Thursday, March 29, 2012

Top 10 Attempts to Build a Flying Car

Since Frank Curtiss patented a flying car in 1917, perhaps 100 different designs have been analyzed and widely discussed. Only about a dozen concept vehicles flew and drove on roads, and three designers died trying to prove their own concepts. Because of the incredible design, engineering, legal, and licensing challenges of building a flying car, just two designs have ever been certified by the CAA (now FAA) as aircraft?and the Taylor Aerocar of 1959 is the only one that was ever produced.
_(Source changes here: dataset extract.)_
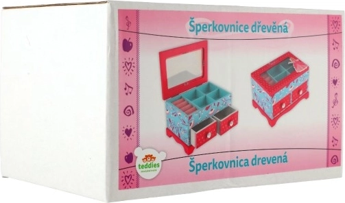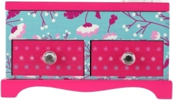 Het oppervlak van de sieradendoos is versierd met subtiele bloemen- en vogelmotieven in een combinatie van roze en turkooisblauw, die elke kinderkamer prachtig aanvullen. Dankzij de stevige houten afwerking en de gladde grepen is hij voor kinderen prettig in gebruik. Geen speelgoed – geschikt als decoratief en opbergobject.
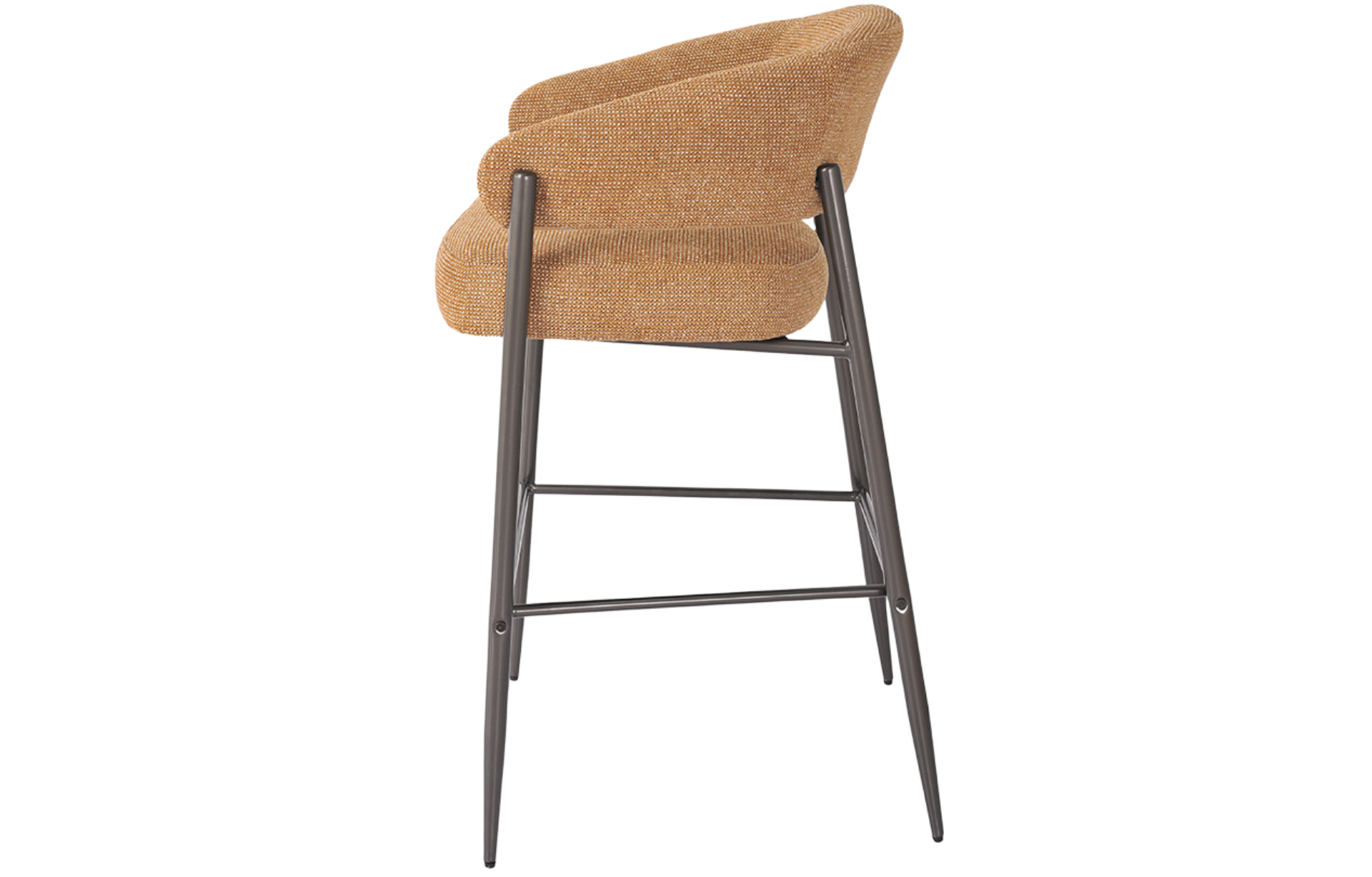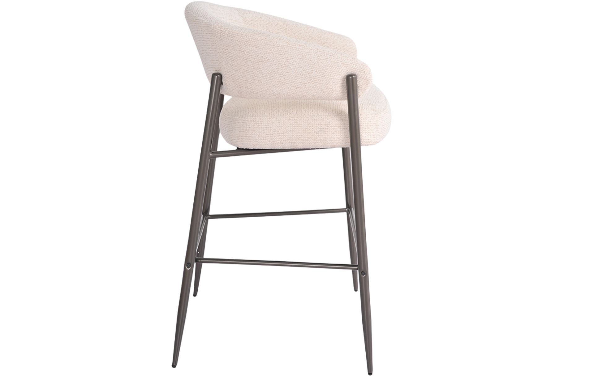 Banqueta Veneco estofada em tecido e base em aço pintada á pó.

Six Aerocars were built, sold, and flown.

When Taylor was developing the Aerocar more than a half-century ago, flying cars were a popular dream and famously graced the covers and pages of Popular Mechanics. When the interstate highway system was designed in 1956, planners thought flying cars would be part of our future, and runways next to freeways were part of some original proposals. Now, though, only some small ranch roads in the West and the Alcan Highway in Canada and Alaska have adjacent runways, but those are used for aircraft, not flying cars.
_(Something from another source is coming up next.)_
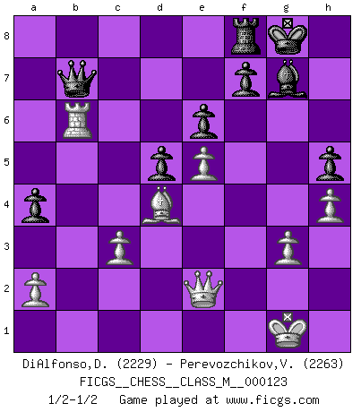 Last move : 1/2-1/2 2023 July 9 21:37:1 [Event "FICGS__CHESS__CLASS_M__000123"] [Site "FICGS"] [Date "2023.06.04"] [Round "1"] [White "DiAlfonso,Darren"] [Black "Perevozchikov,Vjacheslav"] [Result "1/2-1/2"] [WhiteElo "2229"] [BlackElo "2263"] 1.d4 e6 2.e4 d5 3.Nc3 Nf6 4.e5 Nfd7 5.f4 c5 6.Nf3 Nc6 7.Be3 cxd4 8.Nxd4 Qb6 9.Qd2 Qxb2 10.Rb1 Qa3 11.Bb5 Nxd4 12.Bxd4 a6 13.Bxd7+ Bxd7 14.Rb3 Qe7 15.Rxb7 Rc8 16.O-O Qd8 17.Qe3 Rc4 18.Rfb1 Be7 19.f5 Bg5 20.Qd3 O-O 21.f6 Bc6 22.Re7 h6 23.g3 h5 24.h4 Bh6 25.Rb6 Qc8 26.fxg7 Bxg7 27.Ra7 Bb5 28.Nxb5 axb5 29.c3 Ra4 30.Rxa4 bxa4 31.Qe2 Qc7 32.Ra6 Qb7 33.Rb6 1/2-1/2 Follow this game move after move (download)The King is a fighting piece. Use it ! (Wilhelm Steinitz) Kombinieren und Schwarzhandel gehören verboten. (Savielly Grigorievitsch Tartakower) El tablero es el mundo, las piezas es el fenomeno del universo, las reglas del juego son lo que llamamos leyes de la naturaleza y el jugador del lado opuesto, se encuentra oculto a nuestra vista. (Thomas Huxley) Dieu déplace le joueur, et celui-ci la pièce. Quel Dieu derrière Dieu commence donc la trame ? Arturo Perez-Reverte (prix de littérature policière 1993). Thus, what is of supreme importance in war is to attack the enemy's strategy. (Sun Tzu)
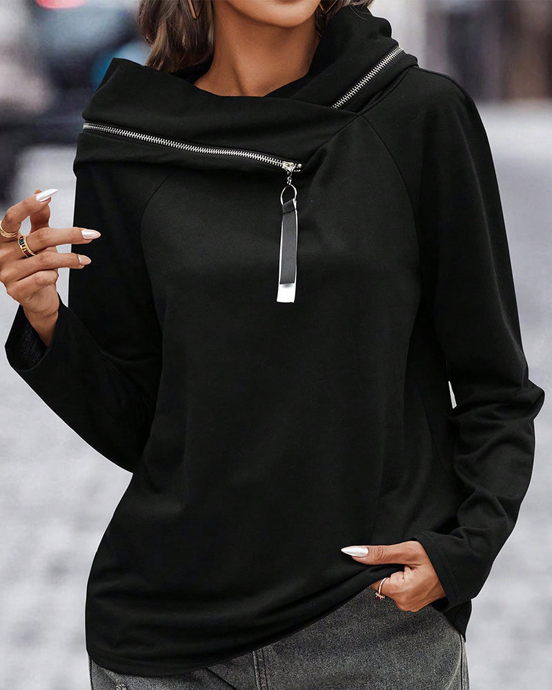 Enfärgad luvtröja med dragkedja

Today, the dream of a George Jetson personal flying machine seems like outdated mid-century futurism. But inventors continue to persevere. There is the clever Terrafugia, the crazy multiturbine Moller, and the hope that maybe, someday, we'll all have the flying cars we were promised. (No promises on jetpacks, though.) Here are some of the best attempts of the past and present to realize the dream.